Fig. 5 Side Effect Report Form

Under details of adverse reaction, the text area is about half of the whole space provided and doesn’t span across it all. It is quite difficult to notice the text area to be able to type. There can be a border around the text area to make it more visible to enable users easily identify it. Date picker for entering birthdate has the month and year text in white on a white background hence it is difficult for a user to find it. It will seem as though the month and year are missing till a date is selected. Same is for all date selector fields under ‘suspected product’. This will therefore make it very difficult for the user to know which month or year he or she is in. Since the birthdate was selected, it was expected that the age in years be calculated to populate that text field.

After completing and submitting the form, there was no feedback notification showing whether the submission was successful or not. It however showed the filled form under Your Side Effects Reports. Clicking on any of the listed suggestions opens the details. For un-submitted reports, there is a button to submit them. The report status inappropriately changes from un-submitted to submitted even when an error occurs in the resubmission of an un-submitted report.

Within the Side Effect Reports, previous reports listed can be viewed and either printed or exported into XML which has been stated in the part 1 of this series that for user consumption, there should be support for exporting into PDF or Excel.

Fig 6 View Side Effect Report

Edit Suggestions

This is a brilliant feature to keep the records of the pharmacies up to date through a collaborative effort from the App’s users. Under shop edit suggestions, the search field queries the existing database of retail outlets (pharmacies) and suggests pharmacies based on what is typed. The edit suggestion can be selected from a list of attributes-name, location, picture, insurance cover etc.  When the suggestion given doesn’t conform to the acceptable form, an error message is shown to notify the user. The submitted suggestion appears within a table pending approval.

shop edit suggestions

Fig. 7 Shop Edit Suggestions

My Profile

This is where changes to one’s profile falls. Changes made can be saved. It is worthy of note however that a profession can only be selected after the health professional question has been answered in the affirmative. From this section, clicking on the reset button is to request for a password reset which sends an email to the user’s registered email. This email although to reset password is captioned Update Your Account-which is similar to the very first email sent when a person registers. It should be properly captioned and rather come as reset password instead of activate account as that has already been activated.

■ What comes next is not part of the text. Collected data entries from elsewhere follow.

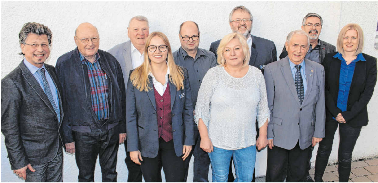
Ein neues Vorstandsteam lenkt künftig die Geschicke des Kreisverbandes.
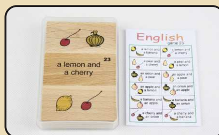
Spiel 23: leseleichte Wortgruppen mit Obst (an apple and a pear...)
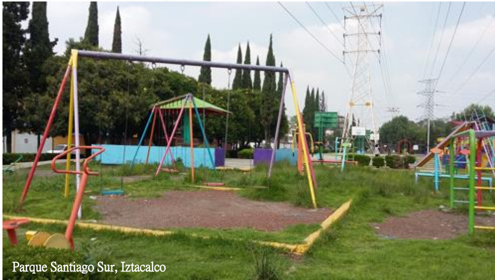
Parque Santiago Sur, Iztacalco
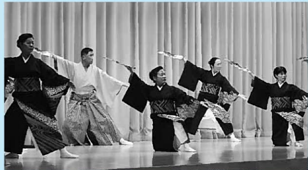
上ステージでは多彩な芸能が披露された。左各出店に行列ができた商工業まつり
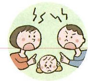
配偶者への暴力や暴言をこどもに見せること
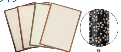
⑪ えいむ PP布地クリアテピング メニューブック PTA-441 ㊦
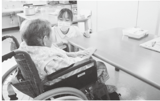
看護師不足のなかで頑張るスタッフ

問 津南病院をはじめ、福祉施設でも看護師不足は深刻である。建設予定の新十日町病院の基本整備計画には、「地元自治体が誘致する看護師等養成所の研修、実習に対応できる体制を確保」と明記されているが、県の責任で看護師養成所をつくるよう要望していただきたい。 町長 看護師が全県的に不足している実態に対し、具体策が行われていない中、看護師養成所の設置をはじめとする問題解決に向け、知事、県の病院局に強力に要望する。

Syncs with App – hence favourites on App can be seen on web portal. A pharmacy can also be added as a favourite to be synced with App within the web portal. Typing in the name of a pharmacy within the search bar suggests pharmacy names which can be selected and added as a favourite.


Fig 8 Favourites


The other concern that has to be addressed has to do with the privacy of data provided by users of the application.

  • How are the Personally Identifiable Information (PII) collected such as name, birth date, phone, and email address going to be protected and used?
  • How are the minimal Personal Health Records (PHR) collected by this application going to be protected to ensure that they are truly confidential and do not fall into the wrong hands?

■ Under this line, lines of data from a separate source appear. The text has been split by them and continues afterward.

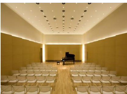
逸翁美術館 マグノリアホール
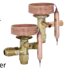
Compact size smallest and lightest
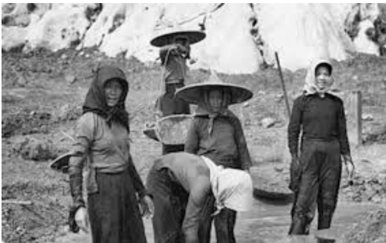
Masyarakat Cina yang bekerja di lombong bijih

Kedatangan British telah mewujudkan perbezaan pembangunan yang ketara di antara kawasan kampung dengan kawasan yang menjadi pusat tumpuan perkembangan ekonomi British. Pengenalan ekonomi perlombongan bijih timah dan perladangan getah telah mewujudkan jaringan sistem perhubungan jalan raya dan jalan kereta api bagi menghubungkan kawasan berkenaan dengan pelabuhan.

How the identified data will be used by Amatsii has to be explicitly stated – will they be sharing these information with third parties? Can users request for their data to be permanently removed from their servers if they decide they no longer want to use the app? etc.

Answers to these few legitimate questions will have to be provided by Amatsii moving forward for users to gain confidence in the App. And I believe these concerns can be addressed in their privacy document which is non-existent now. is a great App that will serve the health needs of Ghanaians and give more power with this knowledge. As these issues found within both the Mobile App and the Web Portal are fixed, it will take the health sector to the next level.